The donation was made possible through the kind efforts of the SDC’s members, who partnered with the Early Childhood Commission (ECC), the Ministry of Education and Food for the Poor, to provide the items obtained from international donors.
“I am grateful for the items. It will make teaching a little easier for me, and the children will be more comfortable with them. I am really grateful to the SDC for all these items, especially the books, desks, the bed and the chairs,” Miss Wright tells JIS News.
The staff of the school and the parents of students had held several events to raise funds to purchase the items, but the money raised was not enough.
“Unfortunately, we did not get enough money to offset some of our expenses, so this has really filled a gap that we were not able to fill on our own,” the teacher says.

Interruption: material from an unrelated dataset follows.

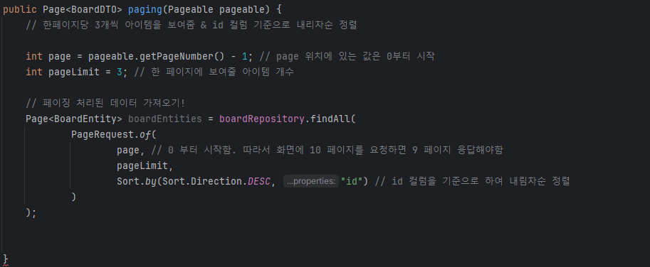 -> page 위치에 있는 값은 0부터 시작함. 따라서 10 페이지를 요청하면 9 페이지로 데이터를 찾아야함.

Miss Wright says she is very happy to receive the colourful story books. “The children love reading. This will add to the collection that I have and I know that they are going to really dig into these books. I am bursting at the seam with joy for these books,” she adds.
Although very grateful for the gifts, she says that some other items are needed at the school, such as a refrigerator, a stove, a fire extinguisher and smoke detectors.
“I can’t wait to get those. That is our foremost aim now. It is going to take a large chunk of cash which we don’t have, but we are hoping that God will give us the strength that we can reach out and try something on our own to make it work for the new school year,” she tells JIS News.
Another teacher, Gloria Christian, from Temple Light Basic School in Old Harbour, St. Catherine, received similar items from the SDC.
“It will enhance the children’s learning. Some parents can’t afford to pay school fees, so this really is a good gesture to help them. Some parents can’t even afford the colouring books. We have not received a lot, but we can work with what we have by rotating them among the students,” points outs.
The idea to help the schools was the vision of the SDC Parish Manager, Edith Morrison, who says that the project began last year, after an assessment of basic schools in the parish.
“We saw where a number of them were ill-equipped and could not be registered and we recognised that there is a need for early childhood agencies and the children to get a good start,” she adds.
“With that in mind we started the task of partnering with other agencies, private individuals and private sector agencies, which can come to the help of these schools and to get them ready,” Mrs. Morrison explains.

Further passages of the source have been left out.